── DATA TO USE ──

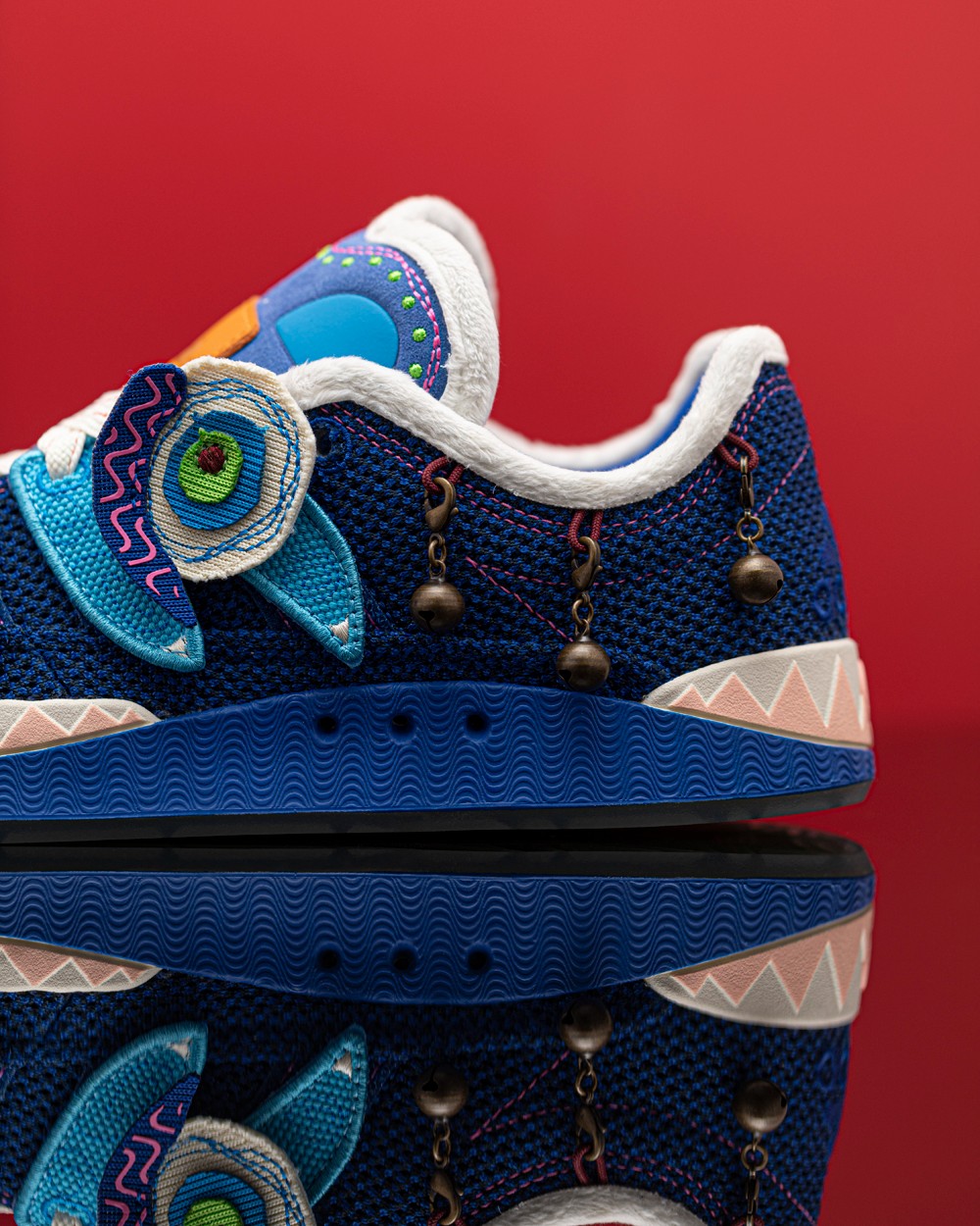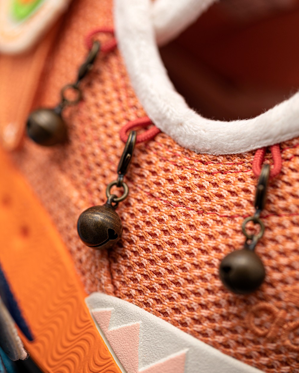 鞋帮外侧特别添加了三个可拆卸小铃铛,是走起路来会响的那种,寓意吉祥招财。
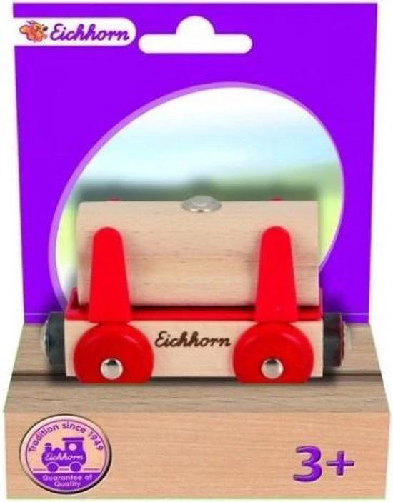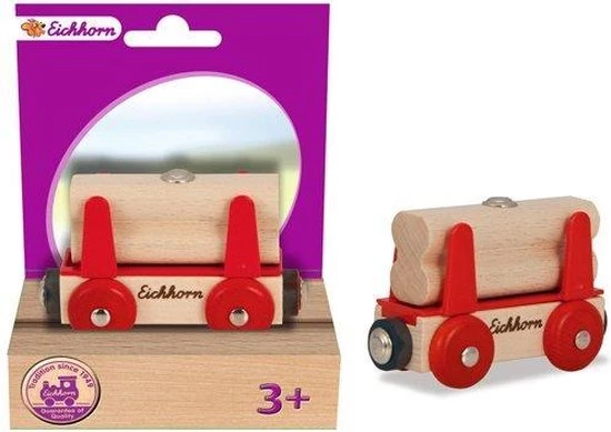 Eichhorn wagon.br /br /wagon met houtlading (2-delig). Erg leuke aanvulling op je trein! Werkt met magneten.br /br /materiaal: houtbr /lengte: 8 cmbr /bijzonderheden: geschikt voor kinderen vanaf 3 jaar.
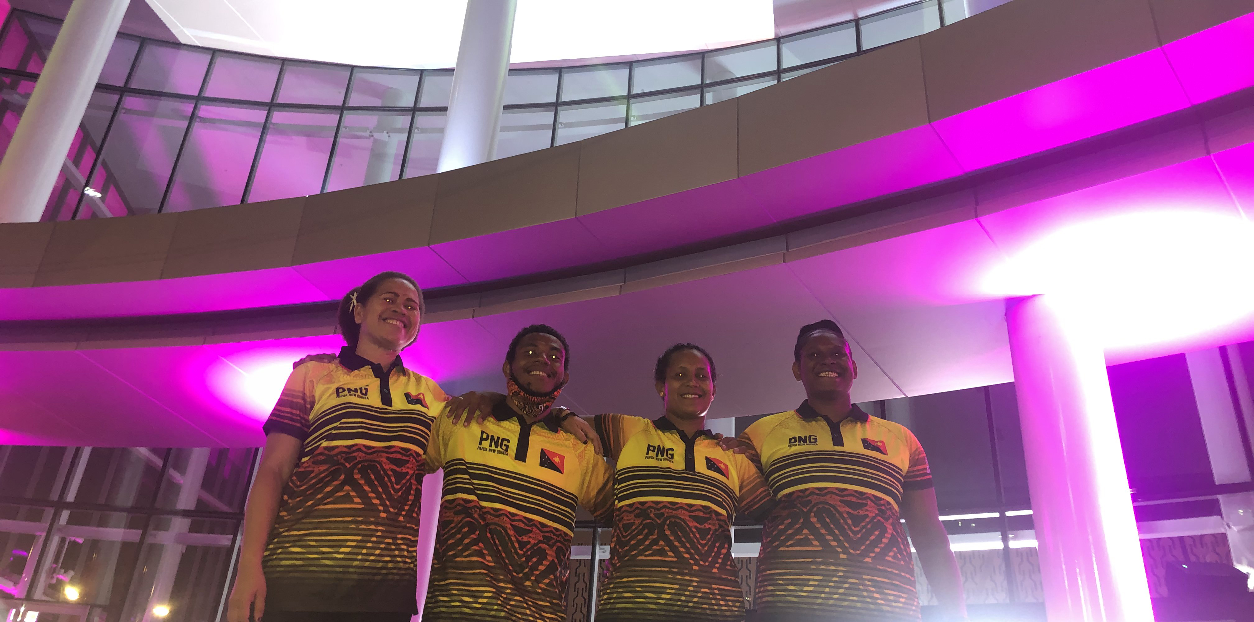 ‘Championing a collaborative approach to disability-inclusive sport’ is one of the core focus areas of Team Up, and the program worked to create opportunities for Pacific nations to take part in the global #WeThe15 campaign. The Port Moresby event included a Q&A with PNG’s Paralympic team, athletes Nelly Ruth Leva (who works on the Team Up Inclusive Gymbad program) and Morea Mararos, as well as a spectacular sound and light show by event production company Next of Kin to celebrate APEC Haus being illuminated in purple.
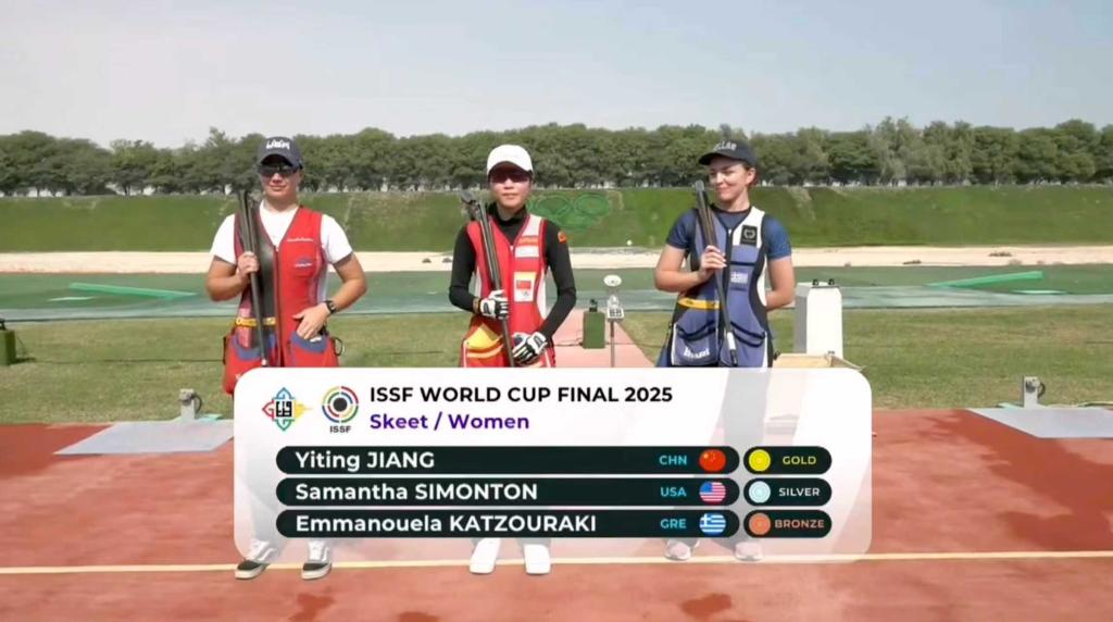 新華社多哈12月8日電 2025年國(guó)際射聯(lián)世界杯總決賽8日在多哈收官,中國(guó)選手江伊婷在女子雙向飛碟決賽中彈無(wú)虛發(fā),以36靶全中的成績(jī)奪冠。中國(guó)隊(duì)最終以4金2銀3銅位居獎(jiǎng)牌榜榜首。
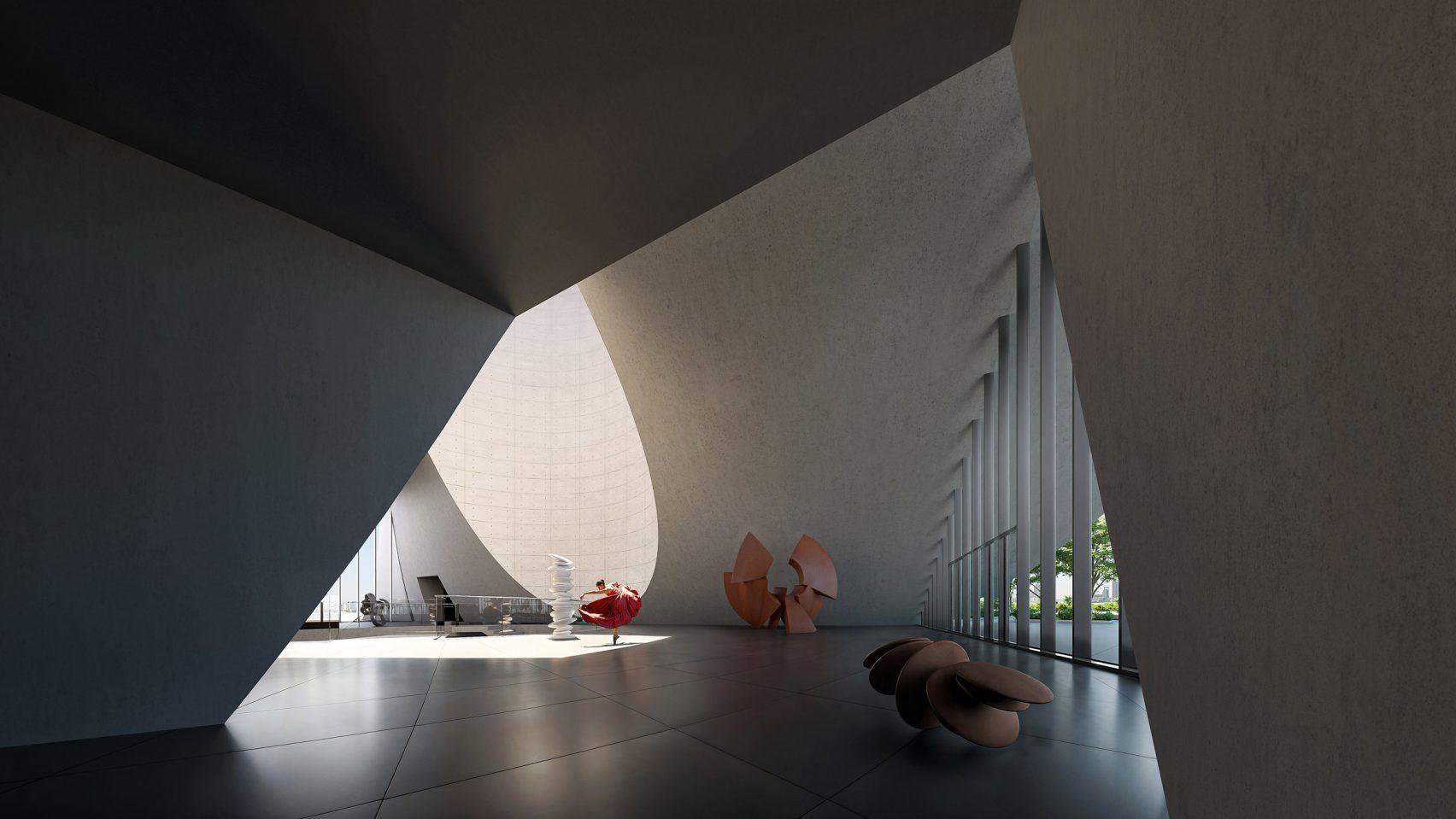 Галерейные помещения расположатся на первом и втором этажах. Освещение этих этажей обеспечит большой круглый световой люк. На верхнем этаже с панорамным остеклением будет открыт VIP-лаунж и ресторан с открытой терассой. Также в музее предусмотрены библиотека и учебные комнаты.

───

WHAT YOU NEED TO DO
Extract only the lines from the line containing "新華社多哈12月8日電 20" through the final line of the listing above, unchanged; pictures stay out of the copy.

ANSWER SPACE
 新華社多哈12月8日電 2025年國(guó)際射聯(lián)世界杯總決賽8日在多哈收官,中國(guó)選手江伊婷在女子雙向飛碟決賽中彈無(wú)虛發(fā),以36靶全中的成績(jī)奪冠。中國(guó)隊(duì)最終以4金2銀3銅位居獎(jiǎng)牌榜榜首。
 Галерейные помещения расположатся на первом и втором этажах. Освещение этих этажей обеспечит большой круглый световой люк. На верхнем этаже с панорамным остеклением будет открыт VIP-лаунж и ресторан с открытой терассой. Также в музее предусмотрены библиотека и учебные комнаты.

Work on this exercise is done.